2. Franchise Concentration
"Grand Theft Auto products contributed 12.6% of our net revenue" and the "five best-selling franchises in the aggregate accounted for 53.1% of our net revenue." The company depends heavily on periodic franchise releases. Any delay or underperformance of GTA VI — expected on May 26, 2026 — would materially impact results.
3. Negative Free Cash Flow
FCF has been negative for three consecutive years (-$203M, -$158M, -$215M). A gaming company with $5.6B in revenue that cannot generate positive free cash flow has a structural spending problem.
4. $4.1B Debt Burden
Multiple tranches of senior notes with varying maturities create ongoing refinancing risk. Cash of $1.47B covers only 36% of the total debt load. The company depends on future GTA VI revenues to deleverage.
5. Platform Concentration
"Apple, Sony, Google, and Microsoft each accounting for more than 10.0% of our net revenue." These platform operators control distribution, fees, and terms of service.
6. Altman Z-Score in Distress
The Z-Score of -5.92 is among the lowest we have seen. The deeply negative retained earnings (-77% of total assets) reflect cumulative losses from impairments. While this is non-cash and driven by write-downs rather than operational collapse, it signals a balance sheet under severe stress.
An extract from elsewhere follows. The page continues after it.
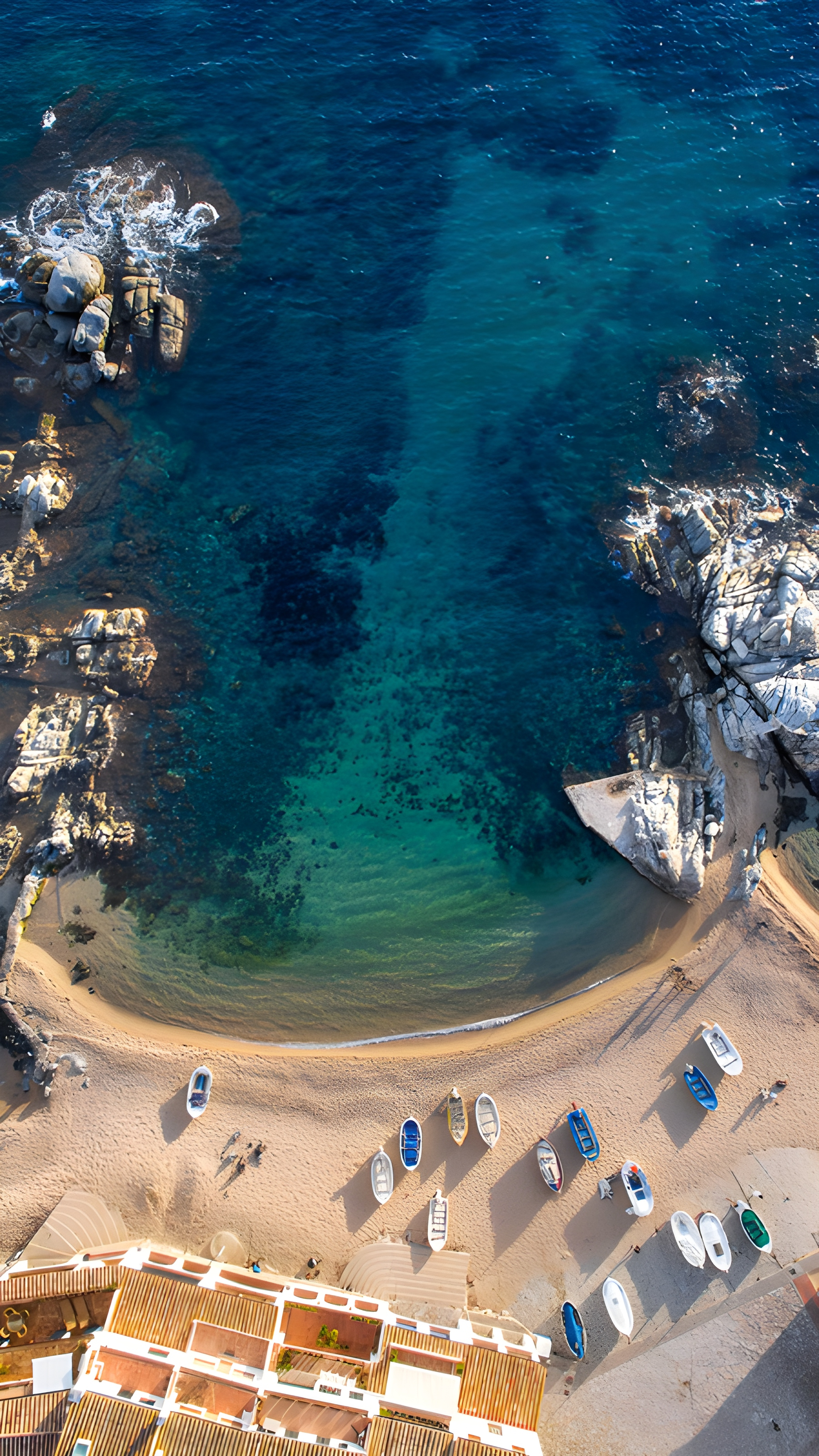 Vista aérea de Port Bo de Calella en la costa de Palafrugell, Gerona, Cataluña, España (© AlexKazachok2/iStock/Getty Images Plus) - Bing Wallpaper on August 30, 2025

Key Financial Trends (4-Year)
| Metric | FY2022 | FY2023 | FY2024 | FY2025 |
|---|---|---|---|---|
| Net Revenue | $3,505M | $5,350M | $5,350M | $5,634M |
| Net Income (Loss) | $418M | -$1,125M | -$3,744M | -$4,479M |
| Gross Margin | 56.2% | 42.7% | 41.9% | 54.4% |
| Net Margin | 11.9% | -21.0% | -70.0% | -79.5% |
| CFFO | $258M | $1M | -$16M | -$45M |
| FCF | $99M | -$203M | -$158M | -$215M |
| Cash | $2,552M | $1,014M | $776M | $1,466M |
| Total Debt | $250M | $3,487M | $3,534M | $4,106M |
The dramatic shift from FY2022 to FY2023 reflects the Zynga acquisition closing. Debt went from $250M to $3.5B. Revenue jumped from $3.5B to $5.3B but profitability collapsed.
Summary
Grade: F. Five red flags — the most of any stock in our coverage universe.
Take-Two is living through the financial consequences of the $12.7B Zynga acquisition. The company has written off $5.89B in goodwill over two years, posted cumulative net losses exceeding $9.3B since the deal closed, and generated negative free cash flow for three straight years. The balance sheet shows $5.25B in remaining goodwill + intangibles (246% of equity), $4.1B in debt covered by only $1.47B in cash, and an Altman Z-Score of -5.92 in the distress zone.
The saving grace is that these are primarily non-cash impairment charges — not operational cash burn. The Beneish M-Score of -4.98 confirms these are real write-downs, not manipulation. Gross margins actually improved 12.5 percentage points to 54.4% as the revenue mix shifted toward higher-margin digital and subscription content. And GTA VI, expected on May 26, 2026, represents the most anticipated game release in history.
If GTA VI delivers the expected blockbuster results, Take-Two's operational profile could transform rapidly. But the balance sheet damage from Zynga is real, the debt load is significant, and the company must demonstrate it can convert its franchise portfolio into positive free cash flow. Until then, the data speaks clearly: this is a company under severe financial stress.
**Disclaimer**: This report is based on Take-Two Interactive's fiscal year 2025 10-K filed with the SEC on May 20, 2025. This is NOT investment advice.
**About EarningsGrade**: We screen earnings reports for financial red flags using an 18-point forensic framework. Grade F means major red flags were detected that warrant thorough investigation.